One of the things we are very conscious of is that we are probably going to inherit a complete economic mess Shadow Chancellor George Osborne

But Mr Osborne has now warned that the deteriorating state of the UK economy and the government's management of the public finances would "cast a long shadow" over its future options.

"The large budget deficit is the straightjacket on British politics at the moment," he told the Guardian.

"One of the things we are very conscious of is that we are probably going to inherit a complete economic mess.

"That obviously forces us to think very hard about the difficult decisions we are going to have to take as an incoming government."

However, Mr Osborne insisted that the Tories did not plan to "impose impossible public expenditure cuts in an economic downturn".

Blueprint

The Tories' revised thinking on their economic options will be contained in a strategy blueprint to be unveiled at their conference later this month in Birmingham.

Mr Osborne said its contents would include a new "fiscal framework", based on independently drawn-up rules, on how a Tory government would raise and spend money.

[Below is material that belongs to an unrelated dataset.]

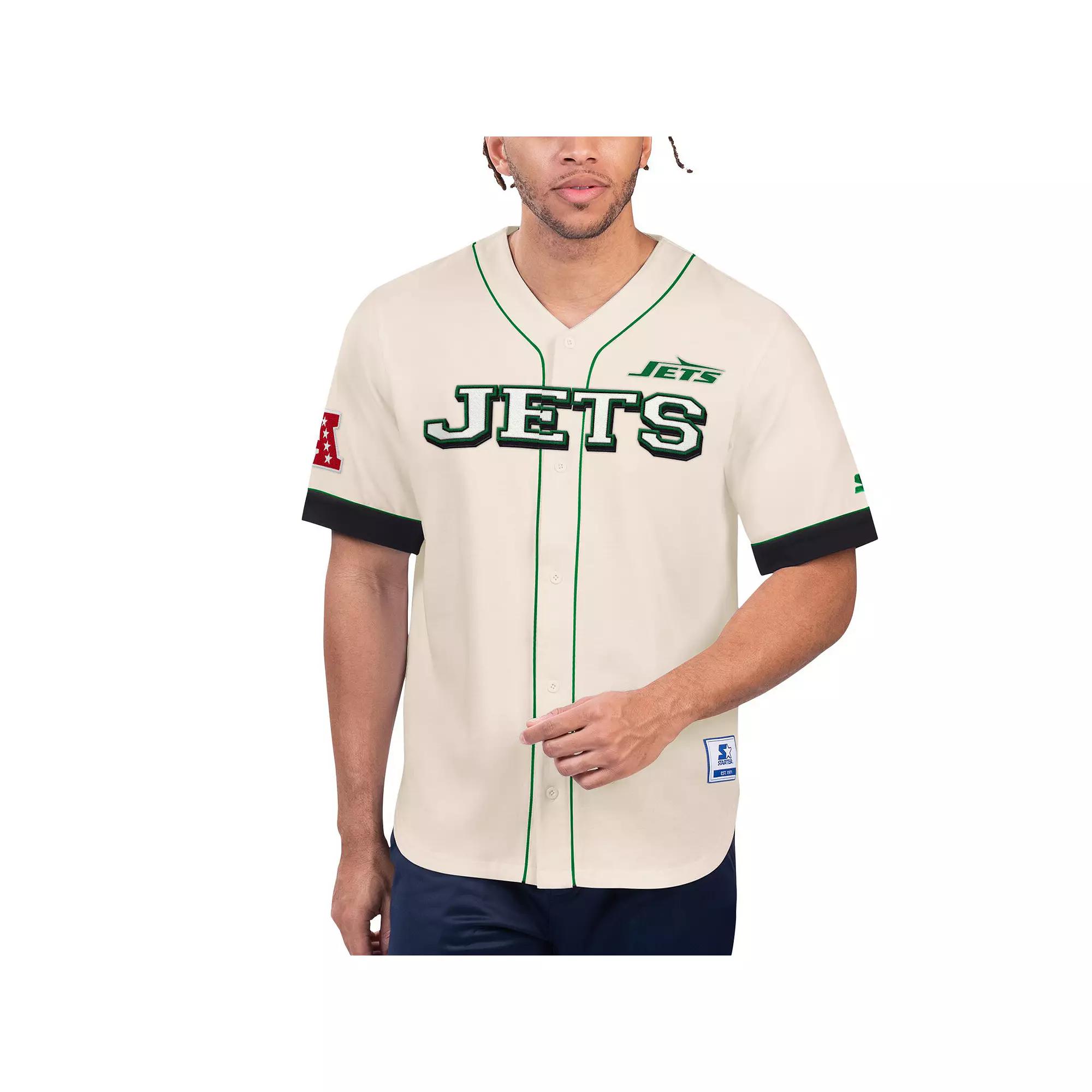 The next time your New York Jets hit the field, support them in a bold new way with this Relay Vintage Baseball Top from Starter. It features an embroidered throwback fabric applique and piping in an eye-catching team color. This crossover top brings the full-button style seen on the baseball diamond to the football gridiron, making it a must-have piece of gear to proudly display your New York Jets fandom. Rounded hem Machine wash with garment inside out, tumble dry low Short sleeve Officially licensed Brand: Starter Embroidered fabric appliques Imported Full-button front Material: 100% Cotton

This follows the party's criticism that Labour has used Private Finance Initiative (PFI) projects to keep debts off the balance sheet.

The changed economic climate would also require new approaches to green taxation, he added, and blamed the government for its handling of changes to car duty to growing public hostility to green taxes.

While stressing that green taxes were a "very powerful tool" in tackling climate change, he said the case for them had been made more difficult by Labour "because they have used them as stealth taxes".

Labour has accused the Tories of making contradictory pledges on public spending and taxation, arguing that their sums do not add up.